Australian shares have shed around 5% in the past month, the Morningstar Australia index shows. The collapse of Silicon Valley Bank and the ongoing fallout hit global markets hard last week, but a late Friday rally may suggest some investors are casting around for bargain-price buys.

Retail investors are frequently cautioned against 'buying the dip' as strategies attempting to capitalise on market downturns in the short-term can be undone if the market falls further. Bottoms can be easily misjudged, and buying early in such cases often amplifies losses.

However, market dips can also present investors a chance to buy long-hold positions in companies with strong fundamentals at better price points.

3 undervalued ASX stocks


For those investors seeking the silver-lining surrounding last week’s cloudy market, here are three ASX companies which have moved into either a 4- or 5-star territory in recent weeks.

For reference: a 4-star price rating means the stock is considered undervalued and a 5-star price rating means a stock is considered significantly undervalued.

Perpetual (PPT)

  • Star rating: ★★★★★
  • Fair Value: $33.00
  • Moat: Narrow
  • Uncertainty rating: Medium


An 11% fall last week has compounded an already difficult year-to-date for financial services firm Perpetual, which is trading 15% down since January 1, 2023.

At its current share price, Perpetual is trading at a 36% discount to Morningstar’s fair value estimate of $33.00, which was recently downgraded from $35.50.

Commenting on the company’s outlook, Shaun Ler says volume growth is expected to underpin the narrow-moat firm’s earnings recovery, despite a lower short-term forecast.
“We anticipate a sizable drop in fiscal 2023’s underlying EPS to approximately $1.95 per share, before growing at low single digits to fiscal 2027.”

“But we anticipate volume—and thus revenue—improvements to support earnings recovery,” he says.

Ler points to strong fund performance, alongside expanded distribution efforts as sources of share price growth for the company.

“We believe management’s initiatives will revive growth in earning and economic returns in the medium term,” he adds.

Bank of Queensland (BOQ)

  • Star rating: ★★★★
  • Fair Value: $8.80
  • Moat: None
  • Uncertainty rating: Medium


Among the smaller ASX listed-banks, Bank of Queensland appears to be one of the worst hit by the recent financial services sell-off, falling more than 4% over last week.

However, like all ASX-listed banks in the Morningstar coverage universe, Bank of Queensland’s fair price estimate remains unchanged by the global banking concerns, and shares are currently trading at around a 24% discount.

According to Morningstar analyst Nathan Zaia, the bank’s share price has underperformed in recent months compared to its peers—like comparably-sized Bendigo and Adelaide Bank— following the surprise departure of BOQ CEO George Frazis in November last year.

“We think management instability has added to concerns of cost overruns at a time the bank is undergoing a digital transformation, inflation is high, and competition for skilled staff is tight,” he added.

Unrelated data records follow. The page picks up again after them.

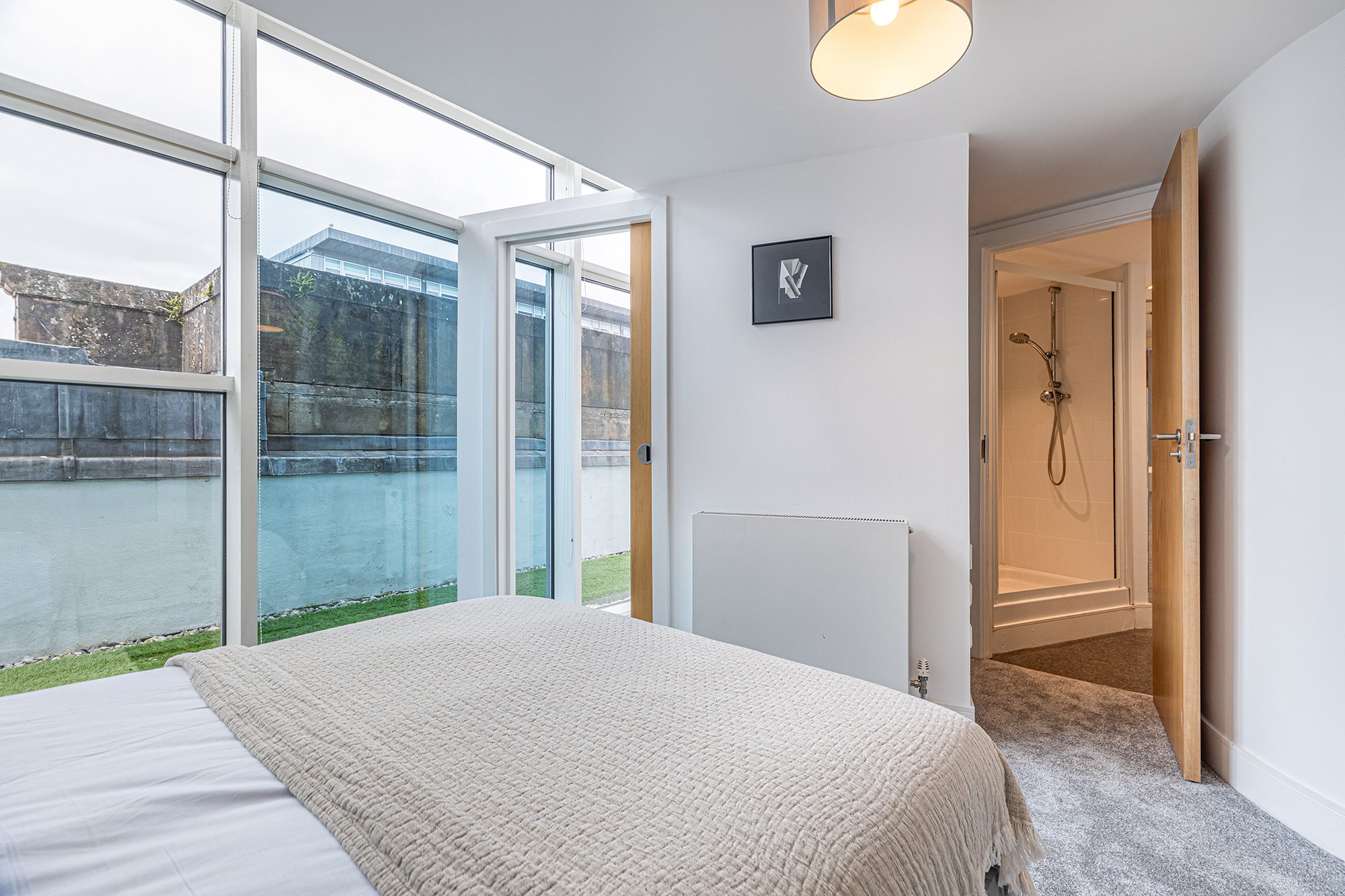 - Bedrooms one and two are accessed from the reception hallway, both with walls of glass overlooking the enclosed terrace area, fitted double mirrored wardrobes and are they are separate yet connected to both the walkway to the terrace and a generous Jack and Jill shower room with double shower cubicle.
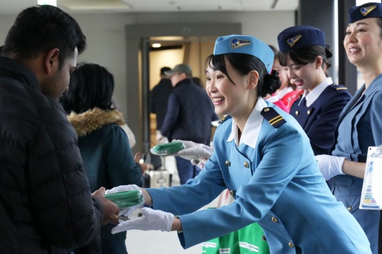また、特別塗装機の到着にあわせて記念イベントを実施し、1946年の創業当時や「レタスサンドイッチ」が運航されていた時代の歴代ユニフォームを着用したスタッフがご搭乗のお客様をお迎えし、80周年記念トートバッグをプレゼントしました。
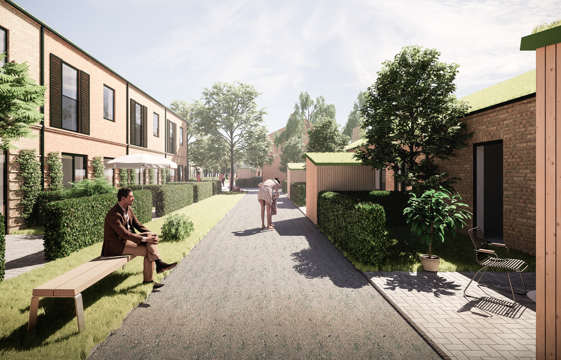 Figur 10: Byhuse arrangeret omkring et internt stiforløb med træer og mulighed for ophold. Langs den ene side af stierne ses beboernes ankomstside (th), hvor de private skure vil være med til at bryde uderummet op – både grundet skurenes form og stoflige overflader. På den anden side af stierne ses de private baghaver (tv), hvor beboerne har mulighed for at nyde godt af de sydvendte terrasser. Visualiseringen viser boliger i en og to etager som de kan komme til at se ud baseret på lokalplanens bestemmelser. Bemærk dog, at visualiseringen blot er et eksempel på, hvordan området og bebyggelsen kan tage sig ud.

However, Zaia says the departure is unlikely to impact the bank’s growth plans.

“Changing leadership has resulted in strategic uncertainty, but we think the digitisation program to support loan and deposit growth, with productivity benefits, is largely intact.”

Smartgroup Corporation (SIQ)

  • Star rating: ★★★★
  • Fair Value: $7.50
  • Moat: None
  • Uncertainty rating: High

Currently trading at around a 20% discount to their fair value estimate, shares in employee management services provider Smartgroup have fallen almost 10% this month, following a strong rise since January to now trade around 20% up year-to-date.

The company offers a range of services to government and private employers including salary packaging, remuneration solutions and fleet management.

Following the release of the company’s 2022 results last month, Morningstar’s fair value estimate of $7.50 per share held firm, despite ongoing cost growth and limited vehicle supply hitting the company’s earning margins.

Commenting on the company’s recent performance, Ler says the above headwinds are transitory and anticipates strong growth as the supply of vehicles gradually normalizes.

“We anticipate this to help Smartgroup realise a fresh stream of settlement revenue, underpinning a material net profit after tax rebound in 2024,” he says.

“We expect Smartgroup to continue to dominate its markets.”